Rare Genetic Variants in Multiple Sclerosis: Insights from the Italian Population

Multiple sclerosis (MS) is a complex neurological disease characterized by inflammation and demyelination within the central nervous system. While genome-wide association studies (GWAS) have identified more than 200 loci associated with MS, the heritability explained by these common variants accounts for only about 50% of the genetic risk. This gap has led researchers to explore the contribution of rare and low-frequency variants to MS susceptibility, which are not typically captured by traditional GWAS methods.

In a recent study by Clarelli et al. (2022), a team of researchers conducted an in-depth investigation of rare and low-frequency variants in MS patients of Italian continental ancestry. By leveraging next-generation sequencing (NGS) technologies, they sought to explore whether variants in genes already linked to MS by GWAS could further contribute to disease risk.

The Role of Rare Variants in MS
Clarelli and colleagues analyzed 98 genes previously associated with MS in 588 Italian MS patients and 408 healthy controls. The study focused on both protein-altering and regulatory variants with a minor allele frequency (MAF) of less than 5%. Their approach was to sequence these variants in both a discovery cohort and a replication cohort to validate their findings.

The researchers employed gene-wise tests to examine the cumulative effect of multiple variants within each gene. This method proved crucial for detecting associations with rare variants that might individually have weak effects but collectively could influence disease susceptibility. Through this innovative approach, the study identified 17 genes with a significant burden of variants.

Discovery of xEFCAB13: A Novel Gene in MS Susceptibility
Among the genes analyzed, EFCAB13 emerged as the most strongly associated with MS. This gene, which encodes an EF-hand calcium-binding protein of unknown function, harbored several rare disruptive variants (e.g., stop-gain, stop-loss, or splicing variants). The most notable finding was a stop-gain variant, which was more frequent in MS patients compared to healthy controls. Meta-analysis of three independent cohorts confirmed its significant association with MS.

Further investigation revealed that carriers of the stop-gain variant had reduced expression of the EFCAB13 gene. This suggests that the variant leads to transcript degradation through a mechanism known as nonsense-mediated decay, which could reduce the gene's protein output and potentially contribute to MS pathogenesis.

Understanding the Functional Impact of EFCAB13
Although EFCAB13 is poorly characterized, it is widely expressed across various tissues, including immune cells. The study's co-expression analysis indicated that EFCAB13 might play a role in immune system processes, particularly involving Th1 and Th17 cells, which are known to contribute to autoimmune diseases like MS. While the exact function of EFCAB13 remains unclear, the down-regulation observed in MS patients hints at a potential involvement in the disease's immune-related mechanisms.

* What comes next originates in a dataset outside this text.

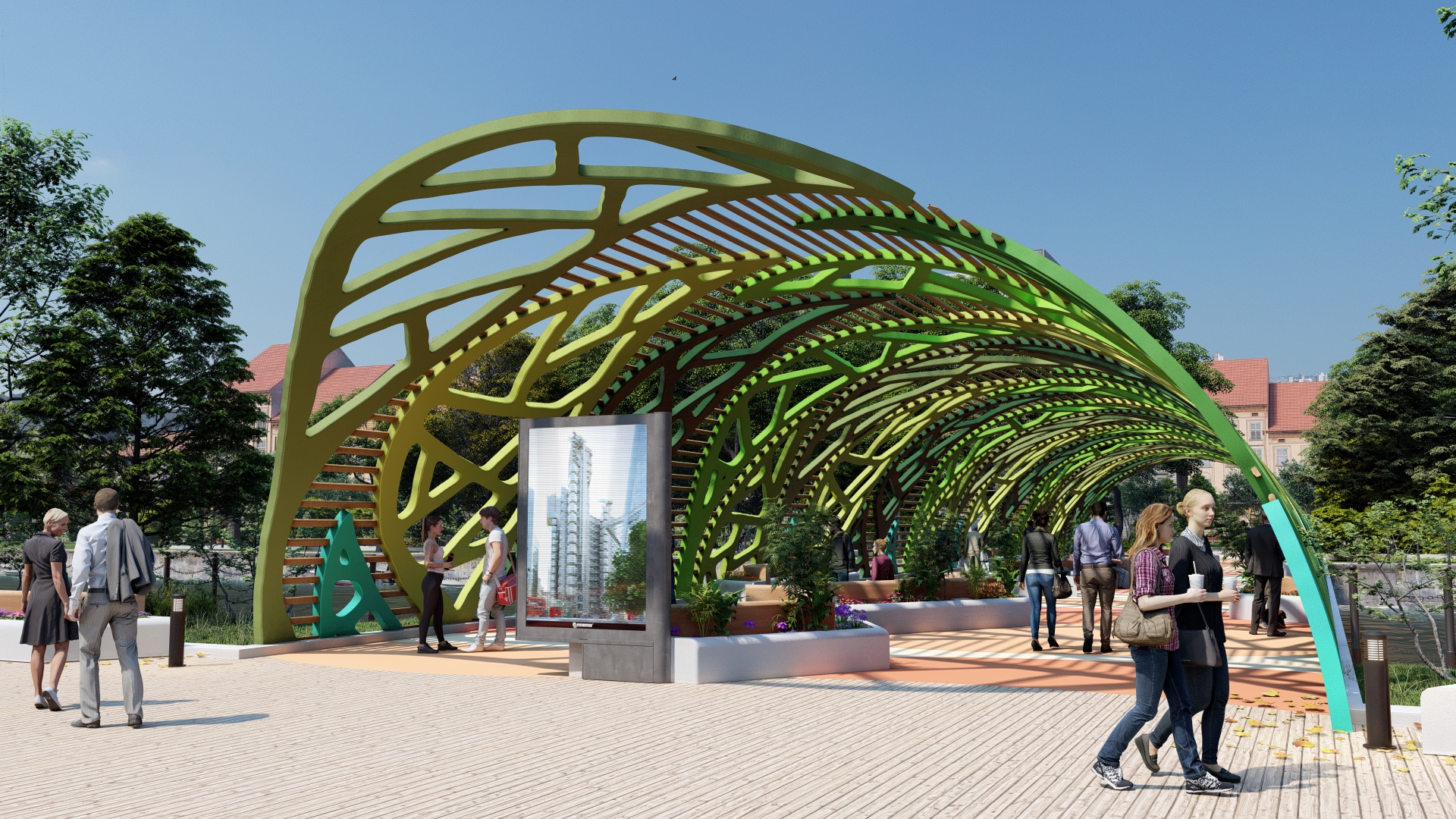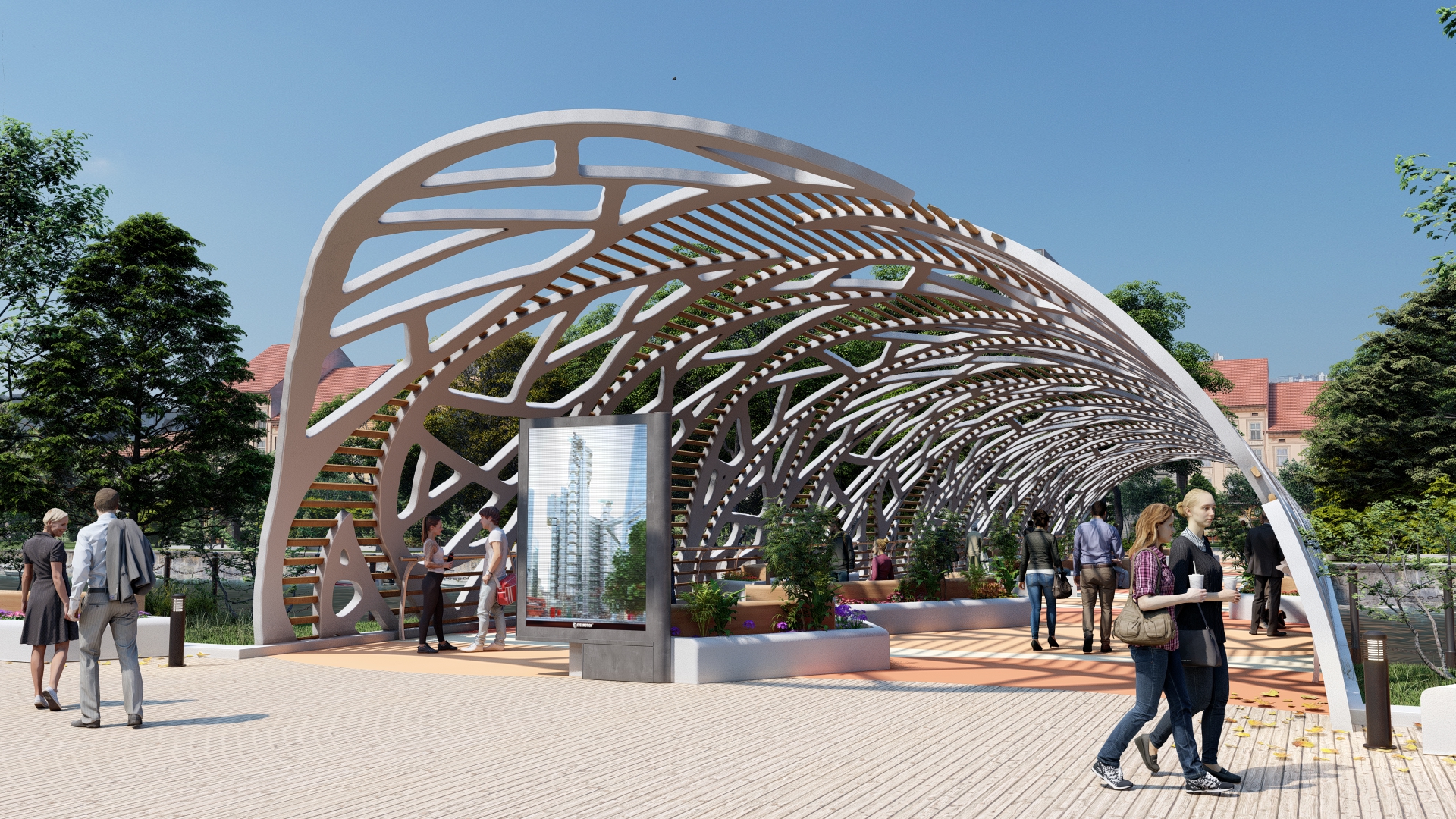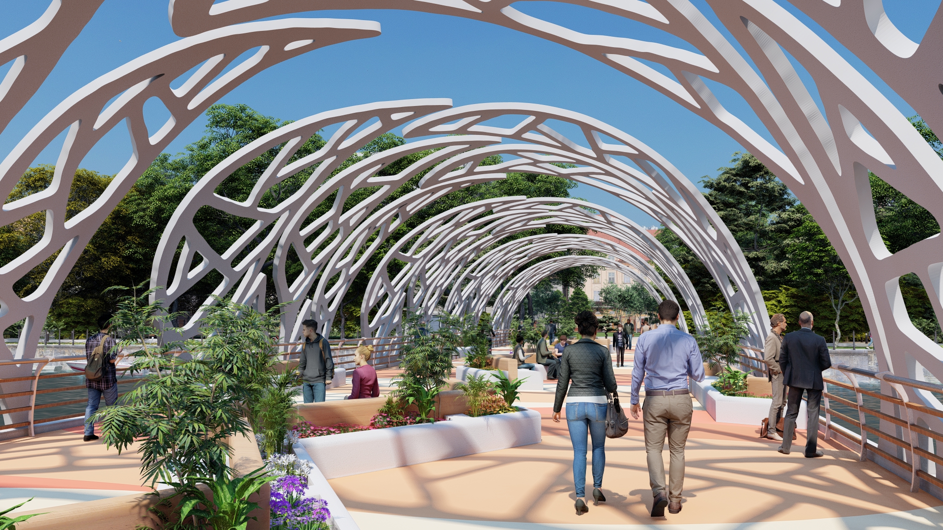 In the style that characterises many of the designs we produce at Amusement Logic, we have created a cover over the bridge, under which pedestrians can enjoy taking a stroll or taking a quick break in its shade.
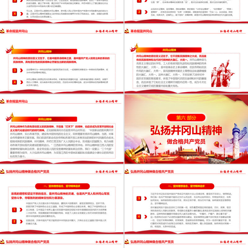 工圖網(wǎng)提供原創(chuàng)弘揚(yáng)井岡山精神不忘初心做新時(shí)代合格黨員PPT-含講稿供會(huì)員免費(fèi)下載。更多精彩黨課PPT素材,盡在工圖網(wǎng)。

Implications for MS Genetics
The findings of this study highlight the importance of rare genetic variants in understanding the full genetic landscape of MS. While common variants identified through GWAS have provided valuable insights, rare variants may explain additional heritability and uncover novel biological pathways involved in the disease.

The discovery of EFCAB13 as a novel susceptibility gene for MS underscores the need for further research into its function. As more large-scale sequencing studies are conducted, we can expect to uncover more rare variants that contribute to MS risk. Understanding the role of these variants will be crucial for developing more personalized approaches to MS diagnosis and treatment.

Conclusion
The study by Clarelli et al. offers new insights into the genetic architecture of MS, particularly the role of rare and low-frequency variants. The identification of EFCAB13 as a gene associated with MS susceptibility in the Italian population marks an important step in the quest to solve the mystery of MS heritability. As research continues, this work opens the door to novel therapeutic targets and a deeper understanding of the complex interplay between genetics and autoimmunity in MS.

Reference:
Clarelli, F., Barizzone, N., Mangano, E., Zuccalà, M., Basagni, C., Anand, S., Sorosina, M., Mascia, E., Santoro, S., PROGEMUS, PROGRESSO, Guerini, F. R., Virgilio, E., Gallo, A., Pizzino, A., Comi, C., Martinelli, V., Comi, G., De Bellis, G., Leone, M., … D'Alfonso, S. (2022). Contribution of Rare and Low-Frequency Variants to Multiple Sclerosis Susceptibility in the Italian Continental Population. Frontiers in genetics, 12, 800262.